MultiPlan destroys market competition and engages in price-fixing with major insurers, a lawsuit from the American Medical Association (AMA) and the Illinois State Medical Society alleges.
The lawsuit (PDF) accuses MultiPlan of forcing physicians to take low rates of reimbursement for out-of-network medical services, prompting medical practices to join other employment arrangements, stop offering services or even close entirely, a news release says.
“What this lawsuit makes plain is that while many in our health system are striving for improvement, MultiPlan is profiting from price fixing,” said AMA President Bruce Scott, M.D., in a statement. “This is one more example of insurance companies playing by their own rules without regard to patients or the legitimate costs required to care for them.”
“The lack of transparency on how these fees are calculated along with the payment structure needs to be fixed,” added Piyush Vyas, M.D., the president of the Illinois State Medical Society.
UnitedHealth Group, Aetna, Cigna and Health Care Service Corporation are named as co-conspirators but not listed as defendants.
The plaintiffs say MultiPlan's revenues from repricing out-of-network payments skyrocketed from $23 million in 2012 to $709 million in 2021. MultiPlan receives a fee from an insurance company when it reprices a claim to allow the insurer pay less.
They also claim MultiPlan acted as a “crucial messenger and conduit” with insurers so they could share confidential information and suppress rates, often through proprietary technological programs that complete only basic math equations. The plaintiffs refer to these programs as “smokescreens.”

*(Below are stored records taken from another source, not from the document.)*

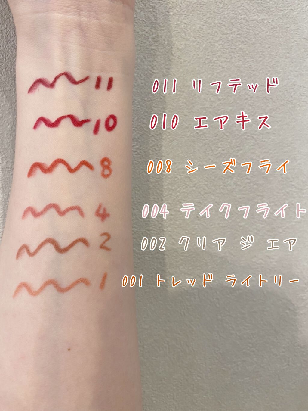 - <001 トレッド ライトリー> イソドデカン、カプリリルメチコン、合成ワックス、リンゴ酸ジイソステアリル、ポリブテン、ベヘン酸セテアリル、シリカ、マンゴー種子油、テトラ(ジ-t-ブチルヒドロキシヒドロケイヒ酸)ペンタエリスリチル、安息香酸ベンジル、香料 [+/-] マイカ、合成フルオロフロゴパイト、硫酸Ba、ロジン、酸化チタン、酸化鉄、マンガンバイオレット、赤201、赤202、黄5、青1 <002 クリア ジ エア> イソドデカン、カプリリルメチコン、合成ワックス、リンゴ酸ジイソステアリル、ポリブテン、ベヘン酸セテアリル、シリカ、マンゴー種子油、テトラ(ジ-t-ブチルヒドロキシヒドロケイヒ酸)ペンタエリスリチル、安息香酸ベンジル、香料 [+/-] マイカ、合成フルオロフロゴパイト、硫酸Ba、ロジン、酸化チタン、酸化鉄、マンガンバイオレット、赤201、赤202、黄5、青1 <003 スフレ オール デイ> イソドデカン、カプリリルメチコン、合成ワックス、リンゴ酸ジイソステアリル、ポリブテン、ベヘン酸セテアリル、シリカ、マンゴー種子油、テトラ(ジ-t-ブチルヒドロキシヒドロケイヒ酸)ペンタエリスリチル、安息香酸ベンジル、香料 [+/-] マイカ、合成フルオロフロゴパイト、硫酸Ba、ロジン、酸化チタン、酸化鉄、マンガンバイオレット、赤201、赤202、黄5、青1 <008 シーズ フライ> イソドデカン、カプリリルメチコン、合成ワックス、リンゴ酸ジイソステアリル、ポリブテン、ベヘン酸セテアリル、シリカ、マンゴー種子油、テトラ(ジ-t-ブチルヒドロキシヒドロケイヒ酸)ペンタエリスリチル、安息香酸ベンジル、香料 [+/-] マイカ、合成フルオロフロゴパイト、硫酸Ba、ロジン、酸化チタン、酸化鉄、マンガンバイオレット、赤201、赤202、黄5、青1 <010 エア キス> イソドデカン、カプリリルメチコン、合成ワックス、リンゴ酸ジイソステアリル、ポリブテン、ベヘン酸セテアリル、シリカ、マンゴー種子油、テトラ(ジ-t-ブチルヒドロキシヒドロケイヒ酸)ペンタエリスリチル、安息香酸ベンジル、香料 [+/-] マイカ、合成フルオロフロゴパイト、硫酸Ba、ロジン、酸化チタン、酸化鉄、マンガンバイオレット、赤201、赤202、黄5、青1 <011 リフテッド> イソドデカン、カプリリルメチコン、合成ワックス、リンゴ酸ジイソステアリル、ポリブテン、ベヘン酸セテアリル、シリカ、マンゴー種子油、テトラ(ジ-t-ブチルヒドロキシヒドロケイヒ酸)ペンタエリスリチル、安息香酸ベンジル、香料 [+/-] マイカ、合成フルオロフロゴパイト、硫酸Ba、ロジン、酸化チタン、酸化鉄、マンガンバイオレット、赤201、赤202、黄5、青1 <004 テイク フライト> イソドデカン、カプリリルメチコン、合成ワックス、リンゴ酸ジイソステアリル、ポリブテン、ベヘン酸セテアリル、シリカ、マンゴー種子油、テトラ(ジ-t-ブチルヒドロキシヒドロケイヒ酸)ペンタエリスリチル、安息香酸ベンジル、香料 [+/-] マイカ、合成フルオロフロゴパイト、硫酸Ba、ロジン、酸化チタン、酸化鉄、マンガンバイオレット、赤201、赤202、黄5、青1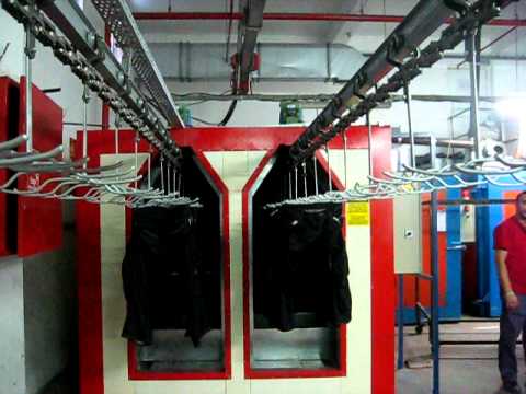 Le système de convoyeur est un mécanisme appelé type Webb (I Beam Type). Les cintres montés sur la chaine peuvent se mouvoir sur NPI 80-100 prol. La capacité de transport de charge des cintres est de 140 kg/m. la distance entre les cintres est de 600 mm. Sur le convoyeur à tous les 600 mm il peut être suspendu en moyenne 4 pantalon.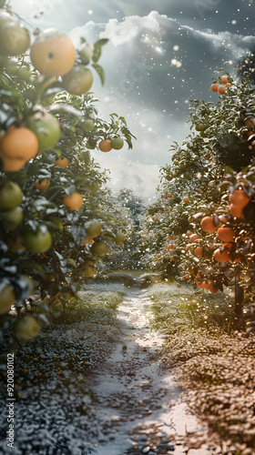 Realistic Summer and Winter Orchard Landscape with Text Space - Growth and Dormancy Symbolism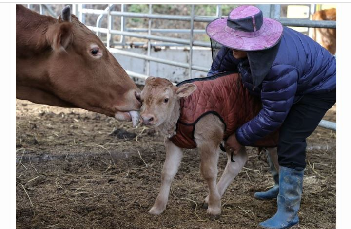한 축산 농가에서 갑자기 날씨 추워지자 송아지에게 보온 겉옷을 입하고 있다. 어미소도 새끼가 추울 새라 볼을 핥아주고 있다. 경남 함양군 제공

The company regularly reprices services 1.5 to 49 times lower than traditional methods, a study from the Office of the New York State Comptroller determined in 2020.
MultiPlan, a data analytics firm, is one of the country’s largest third-party networks. The company works with the top 15 major health insurers and approximately 700 total insurers to determine how much out-of-network providers should be paid. A New York Times investigation revealed the insurers and MultiPlan work closely to greatly reduce reimbursements to providers and, in turn, leave patients with huge medical bills.
"This is another copycat lawsuit of dozens filed by the same plaintiffs’ counsel, all of which are before the same judge handling the multidistrict litigation in the Northern District of Illinois," a MultiPlan spokesperson told Fierce Healthcare. "We have consistently stated that these lawsuits are without merit and would ultimately increase prices for patients and employers."
MultiPlan did score a win in August when a California court tossed a case that claimed MultiPlan’s business model was partially responsible for a nonprofit hospital going out of business, but the hospital and provider lobbies remain a constant thorn in the side of MultiPlan’s legal team.
AdventHealth filed legal action against MultiPlan last year. Allegiance Health Management and Community Health Systems followed suit earlier this year after the American Hospital Association urged the Department of Labor to open a new investigation into the company.
And in 2022, the AMA joined a class-action lawsuit against Cigna that claimed the insurer underpaid for claims filed by providers in the MultiPlan network.
UnitedHealth Group, and other major insurers, settled with the AMA in 2009 when the organization claimed UHG subsidiary Ingenix was also undercutting reimbursement rates by as much as 28% through similar business practices.
The insurers created FAIR Health, an independent organization that calculates ‘usual, customary and reasonable’ provider charges, and they promised to not create an alternative for five years.
“The five-year terms of those settlements ended in 2015 and 2016,” the lawsuit explained. “When those bans lapsed, insurers shifted away from FAIR Health and began to fix rates again via MultiPlan.”